White Products Maintain Topline Expansion
CONOIL’s topline expansion surged further in Q3:2019; 9M:2019 revenue printed at NGN112.72bn (vs. NGN75.84bn in 9M:2018; +48.64%), driven by a 10.72% uptick in Q3. Q3:2019 revenue of NGN40.53bn (+89.65% Y-o-Y), is the highest recorded so far this year and was highlighted by an impressive 91.98% Y-o-Y growth in white products (PMS, AGO, ATK, LPFO and DPK). Year-to-Date, the segment has contributed 95.30% to topline which is commendable, given the mounting competition to push volumes in a difficult market. CONOIL is clearly leveraging its ubiquitous retail presence in Nigeria (395 dealers concentrated in areas of robust vehicular traffic and commercial activities) and goodwill amongst commercial vehicle operators to edge its peers in terms of sales growth. Lubricant Sales for the first 9 months is also up by 34.72% (NGN5.30bn), albeit suffering a 5.61% Q-o-Q contraction in Q3, to settle at NGN1.79bn (vs. NGN1.90bn in Q2). This is possibly a consequence of other industry operators also ramping up Lube marketing and sales, to improve depressed margins in a worsening cost environment.

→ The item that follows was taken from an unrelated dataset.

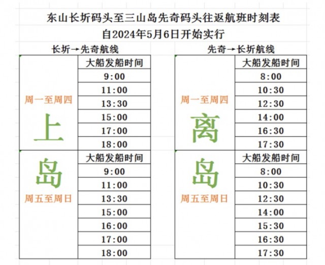 ●活动规则:2024届全国应届高考生凭本人准考证,可至长圻码头免费乘坐班船(时刻表如下)至三山岛景区游玩。仅限于高考毕业生本人,若无法出示有效证件,需按照门市价执行。

The LPG segment remains dormant, since management took a strategic decision to shut it down temporarily in 2017 and made a commitment to restart at the earliest possible time. We think it is imperative that the reopening of this segment is expedited, for the company to participate in Nigeria’s budding transition towards LPG (for cooking) and capture further value, given its strong presence and appeal. We now expect topline growth at 26.91% in 2019FY to reach NGN155.10bn.
Slight Moderation in Direct Costs Provide Succor for Margins
In contrast to most of its downstream peers, CONOIL’s Cost-to-Sales (CtS) narrowed slightly to 89.22% in Q3:2019 (Q3:2018: 90.23%). Direct costs pitched in at NGN36.14bn for the quarter (vs. NGN28.26bn last year and NGN32.85bn in Q2:2019), on the back of a slim improvement in White product costs. Industry players have been distressed by elevated landing costs this year (currently c.NGN225.00 per litre),with consequently pressured margins, but CONOIL has managed to keep CtS at 90.19%. Even then, costs are growing faster than revenues. (55.57%, Y-o-Y). Currently, only TOTAL (88.69%) boasts of a better performance than the company in the management of direct costs. OPEX-to-Sales for 9M:2019 also printed lower at 6.09% (vs. 9.08% in 9M:2018), with OPEX at NGN6.86bn. Interestingly, the company’s depreciation expense ticked up by 34.29% (NGNO.40bn) despite a steady decline in the value of tangible non-current assets.
Administrative expenses also increased by 20.91%, due to higher staff-related costs in the quarter. EBITDA was at NGN5.19bn, from NGN4.65bn a year ago, while operating profit also advanced by 14.25% to reach NGN4.29bn. Pre-tax and Post-tax profits were however dragged by a 22.87% increase in overdrafts (necessitated by delays in payment of outstanding subsidy claims), as finance costs ticked up by 23.53%. After-tax earnings to date is NGN1.70bn, implying a net margin of 1.51% (vs. NGN1.59bn and 2.09% in 9M: 2018). 2019FY earnings is now expected at NGN2.45bn.
Balance Sheet Management Can Unlock Superior Shareholder Value
In the year to date, CONOIL has improved the management of its working capital – inventories are down 8.03% y-o-y (NGN8.41bn), receivables also declined by 25.10% (NGN22.69bn), while defraying NGN14.89bn (42.45%) of its payables from last year. However, the rising debts (+22.87% Q-0-Q; NGN11.95bn) continue to pressure bottom-line. Given the sizeable cash hoard of NGN17.24bn, we believe CONOIL can do better at managing its growing interest expenses by taking on cheaper debt to free up funds for expansion initiatives or for distribution to shareholders.
Outlook and Recommendation
With these 9M:2019 results, CONOIL has consolidated its status as the best performer in the downstream segment, even though this is currently not mirrored by stock price performance due to concerns about the company’s corporate governance. At the minimum, we envisage a dividend yield of c. 13.00% this year, and with earnings growth expected at 36.35% (NGN2.45bn by 2019FY), implies a forward EPS of NGN3.53. Our target PE of 8.20x suggests a 2019FY Target Price of NGN28.94, with a BUY recommendation.